== Extracted records ==

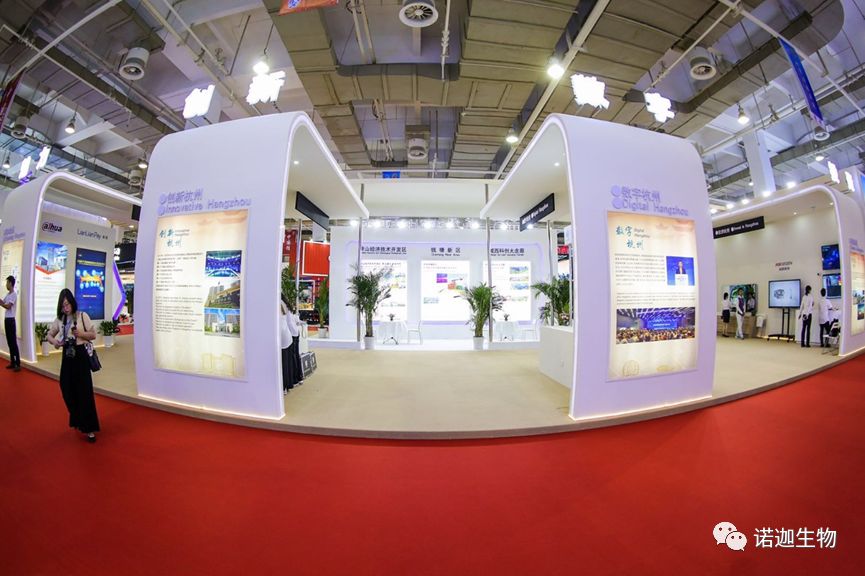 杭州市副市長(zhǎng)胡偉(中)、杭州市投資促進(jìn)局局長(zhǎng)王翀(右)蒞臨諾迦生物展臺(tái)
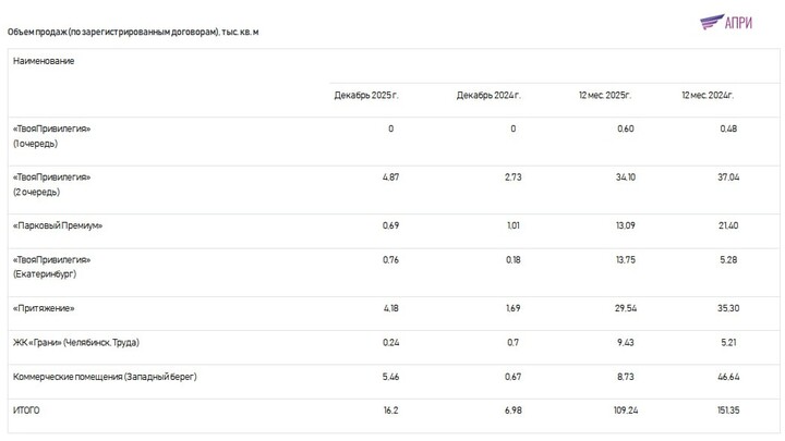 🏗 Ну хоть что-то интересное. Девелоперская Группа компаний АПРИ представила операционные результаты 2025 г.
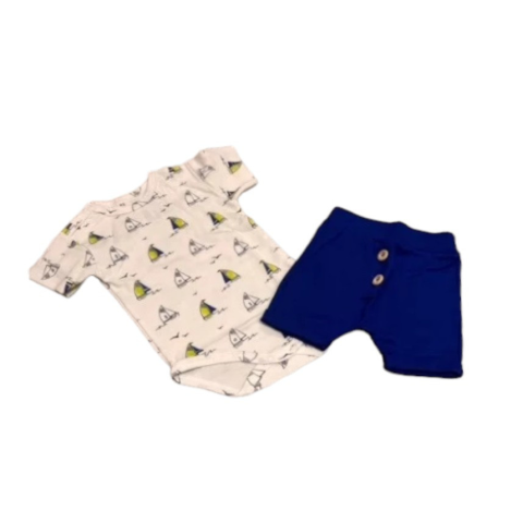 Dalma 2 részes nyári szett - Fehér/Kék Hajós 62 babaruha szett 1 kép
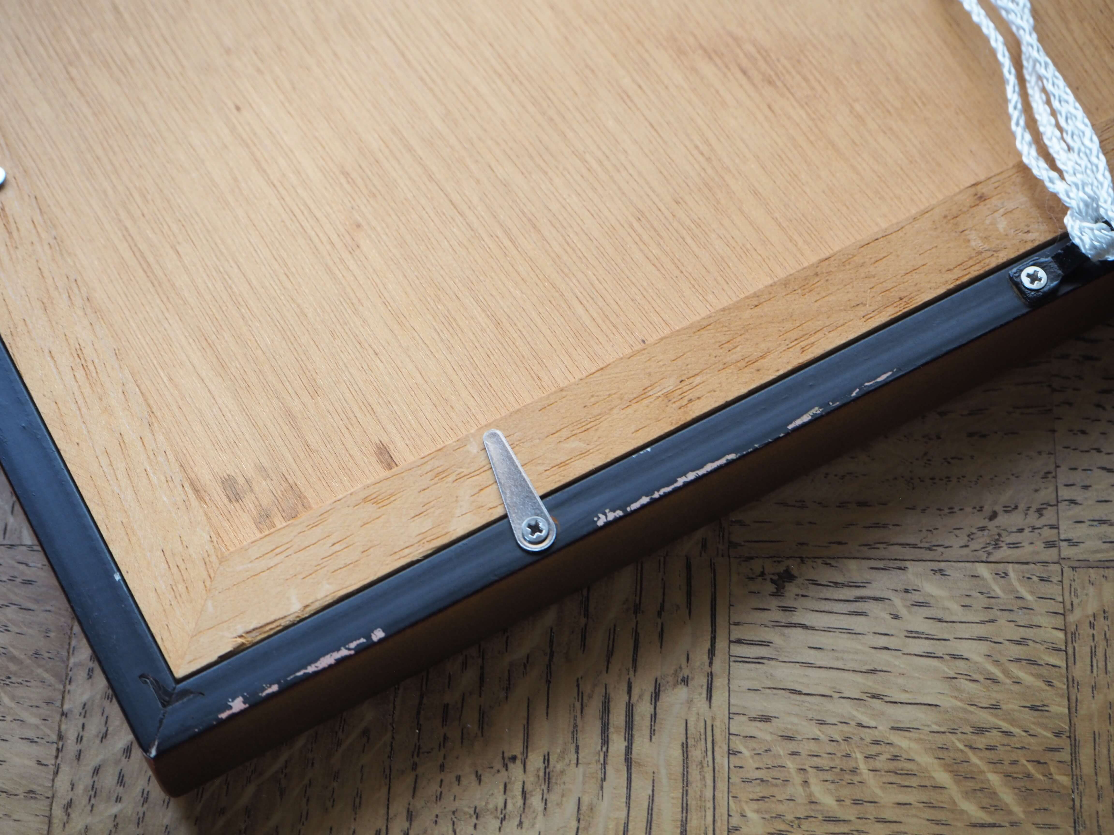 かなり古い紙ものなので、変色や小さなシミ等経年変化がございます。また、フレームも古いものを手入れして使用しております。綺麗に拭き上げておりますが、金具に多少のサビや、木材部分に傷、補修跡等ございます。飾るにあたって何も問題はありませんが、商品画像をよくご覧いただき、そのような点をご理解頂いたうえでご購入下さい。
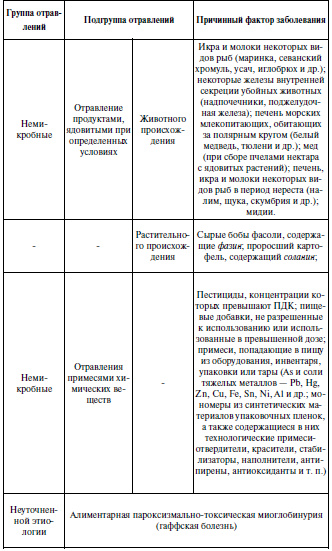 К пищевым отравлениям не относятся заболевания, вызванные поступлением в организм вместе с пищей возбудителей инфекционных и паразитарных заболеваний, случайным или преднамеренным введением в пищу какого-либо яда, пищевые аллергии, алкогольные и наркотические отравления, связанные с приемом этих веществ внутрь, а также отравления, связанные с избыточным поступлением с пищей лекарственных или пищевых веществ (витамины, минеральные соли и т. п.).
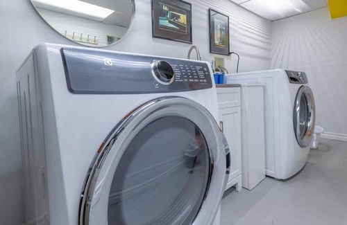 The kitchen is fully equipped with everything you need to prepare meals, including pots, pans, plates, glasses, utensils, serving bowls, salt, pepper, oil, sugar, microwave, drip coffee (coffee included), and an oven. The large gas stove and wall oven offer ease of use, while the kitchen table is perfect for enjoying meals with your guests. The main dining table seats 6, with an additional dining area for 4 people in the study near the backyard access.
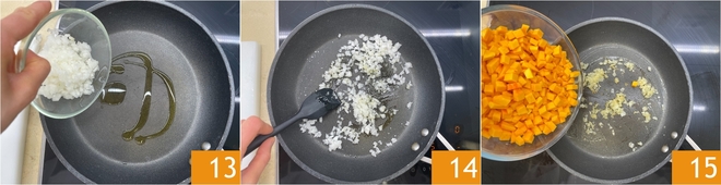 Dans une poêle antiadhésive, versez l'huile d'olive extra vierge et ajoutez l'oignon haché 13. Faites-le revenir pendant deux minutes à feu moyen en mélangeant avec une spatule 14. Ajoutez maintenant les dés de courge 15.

===

> _Exercise instructions_: Your copy should be the entries retyped exactly, with no images in it.

> _Result of this exercise_:
 杭州市副市長(zhǎng)胡偉(中)、杭州市投資促進(jìn)局局長(zhǎng)王翀(右)蒞臨諾迦生物展臺(tái)
 🏗 Ну хоть что-то интересное. Девелоперская Группа компаний АПРИ представила операционные результаты 2025 г.
 Dalma 2 részes nyári szett - Fehér/Kék Hajós 62 babaruha szett 1 kép
 かなり古い紙ものなので、変色や小さなシミ等経年変化がございます。また、フレームも古いものを手入れして使用しております。綺麗に拭き上げておりますが、金具に多少のサビや、木材部分に傷、補修跡等ございます。飾るにあたって何も問題はありませんが、商品画像をよくご覧いただき、そのような点をご理解頂いたうえでご購入下さい。
 К пищевым отравлениям не относятся заболевания, вызванные поступлением в организм вместе с пищей возбудителей инфекционных и паразитарных заболеваний, случайным или преднамеренным введением в пищу какого-либо яда, пищевые аллергии, алкогольные и наркотические отравления, связанные с приемом этих веществ внутрь, а также отравления, связанные с избыточным поступлением с пищей лекарственных или пищевых веществ (витамины, минеральные соли и т. п.).
 The kitchen is fully equipped with everything you need to prepare meals, including pots, pans, plates, glasses, utensils, serving bowls, salt, pepper, oil, sugar, microwave, drip coffee (coffee included), and an oven. The large gas stove and wall oven offer ease of use, while the kitchen table is perfect for enjoying meals with your guests. The main dining table seats 6, with an additional dining area for 4 people in the study near the backyard access.
 Dans une poêle antiadhésive, versez l'huile d'olive extra vierge et ajoutez l'oignon haché 13. Faites-le revenir pendant deux minutes à feu moyen en mélangeant avec une spatule 14. Ajoutez maintenant les dés de courge 15.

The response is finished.